Somerville’s Starlite Snack Shack will close for the winter soon, but it’s going out with a bang fit for summer. Stop by the shack through Sunday for Fair Week, a seven-day celebration of whimsical fair snacks like funnel cake fries, candy apples, fried Oreos, pickled corn dogs, loaded baked potatoes, and other bites that you might have last enjoyed atop a Ferris wheel. And while you’re at it? Pick up one of the shack’s creative ice cream cones, like the Reese’s Puffy Cone made out of Reese’s Puffs cereal and marshmallows.
It’s been a stressful week, and while pasta and a stiff drink won’t fix everything, it’s not a bad place to start. Enter Tuscan Kitchen in the Seaport, which will offer a hands-on cooking class on Friday from 6-8 p.m. After attendees pick up a package of ingredients ($85 for two people), chef Nimesh Maharjan will walk guests through a tutorial — virtually, of course — on how to make tagliatelle alla bolognese and a negroni. Kits can be picked up within 24 hours of the class at any Tuscan Kitchen or Tuscan Market location.

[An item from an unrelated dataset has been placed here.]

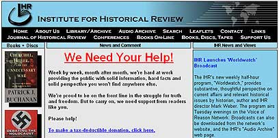'המכון לביקורת היסטורית' (IHR) הוא ארגון אמריקני שנוסד ב-1978 על ידי דייב מקלדן וחברו וויליס קרטו, פעילים קיצוניים מוכרים. המכון מתאר את עצמו כ"מרכז חינוכי ומחקרי שמוקדש לקידום מודעות הציבור להיסטוריה במאה העשרים". מאחורי כל המילים היפות האלו מסתתר בעצם ארגון שמוקדש להכחשת שואה באמצעים פסבדו-אקדמיים.

While many drive-in movie theaters are closed for the season, a couple are continuing to offer socially distant entertainment. The couple that have remained open past Labor Day weekend have queued up great lineups of Halloween-themed entertainment. If we were to pick a show each night, here’s what it would look like: On Thursday, the Mendon Twin offers double features for both kids and adults, with a family-friendly double billing of “Toy Story” and “The Nightmare Before Christmas” and an R-rated horror movie header of “Annabelle: Creation” and “The Conjuring.” Then on Saturday, the Topsfield pop-up drive-in has a doubleheader of “Toy Story” and “Shrek,” while the Mendon Twin offers a Jordan Peele double feature on Sunday with “Get Out” and “Us.”
It may be chilly outside, but Seaport cocktail destination Drink will bring back its popular Tiki Sunday series for one night only to host a pop-up. Stop by on Sunday from 4 p.m. to 11 p.m. to snag dumplings and izakaya bar bites from Mimi’s Chuka Diner, a new pop-up helmed by Ted Woo and Jon Awerman. Drink will be serving tiki cocktails all night, and seating will be available on a first-come, first-served basis.